Mr. Mason gasped. “Oh, no, that’s not good! Who did this? Also, you do realize I teach here, right? How did you not notice me before now?” Ian shrugged. “I dunno, I guess I just thought you delivered paper here all the time.” Mr. Mason looked at him dumbfounded. “But I am literally the principal!”

🐢 “Look, we need to stay on task,” Ian snapped, getting angrier every second. “First we need to think about what could have caused this. And we better do it quick, too; I don’t want to become an outdated loser!”

“Yes...” said Mr. Mason suavely, stroking his moustache. “It’s likely someone who knows a great deal about memes, but only knows them after they’ve been out of style for a few weeks. Do you know anyone like that?”

“No sir, I only browse Reddit, and their memes are only bested in freshness by 4chan.”

Both sat thinking for a while when another old meme started showing up on Ian’s body. Around his head he noticed a bunch of colorful text with bad grammar in Comic Sans MS popping up around his head! “Mr. W. B.! It’s happening again!”

“Oh, dear! That’s not good at all. We need to think harder.” Suddenly Mr. Mason sat up quickly and yelled, “That’s it! I knew who the culprit is!”

“Really?” Ian yelled, sitting up to be about half his idol’s height, “Who is it?”

“There’s no other place… Who but the people at Hollywood? I’ve delivered paper to them before, and they’re about the least internet-literate people I’ve ever seen! They made a movie about Unicode characters before, you know.”

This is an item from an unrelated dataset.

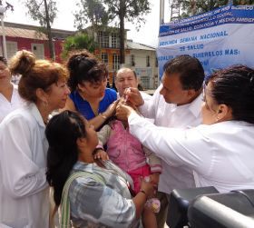 El alcalde Migue Martínez Martínez en compañía de la presidenta del DIF, Magaly Ramírez Hernández encabezaron el evento junto a la coordinadora de epidemiologia de la Jurisdicción Sanitaria 7, Guadalupe Canales, ahí se dieron a conocer las metas para esta semana en el municipio donde se aplicaran dosis de poliomielitis que se trata de erradicar este enfermedad en el país.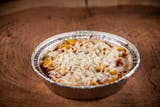 Cut in half. Choice of meat, rice, beans and salsa. Topped with savory sauce and cheese.

“Then let’s go there right now! What are we waoitng fo—” Ian was stopped, as techno music began playing in the background. His arms became forced into a cool victory pose, which he couldn’t escape from! “AAJ KAR TOPIC HAI D SE DAB DAB DA DAB DA DAB DAB DAB DAB” he yelled through screams of torment. “Good Lord! (he means hector :3)” yelled WB Mason, “We need to go to Hollywood right now and see what they can do about your bad meme infection!! I know they must be the cause behind it!”

🐟 Ian yote Warner Brothers Mason through the sky, following a parabolic trajectory. WB landed on a chicken in the backyard of Holly Wood. “Ah, how nice of you to DROP BY!!!!!” said Holly and she slapped her knee as Demoman from Team Fortress 2 said “Oh, it slaps me on the knee!”. “Holly this isn’t time for jokes” said WB. “I have a very serious me me infection and it must be fixed.”. Holly was about to prescribe the cure for mem disease but then NORIAKI TENMEI GUANGLI KAKYOIN showed up wearing his sunglasses, as well as Sex Pistol #4 earings in addition to his cherries. He started being super creepy and spying on Koichi’s sercret secxs lyf but Fugo got super annoyed and dragged him back to where they were filmin gthe Eyes of Heaven movie. Ian arrived in his shwifty HOT RED FERRARI and did the Fortnight default dance while the car Tokyo drifted off and crashed into a wall abd burtst into flames. Holly gave Ian the pills for curing the disease but the bottle had been ,elted by the flames! So they had to go forraging for the materials to make the cure! But there was a cow nearby so they milked it with an iron bucket and Ian drank the milk and he got cured!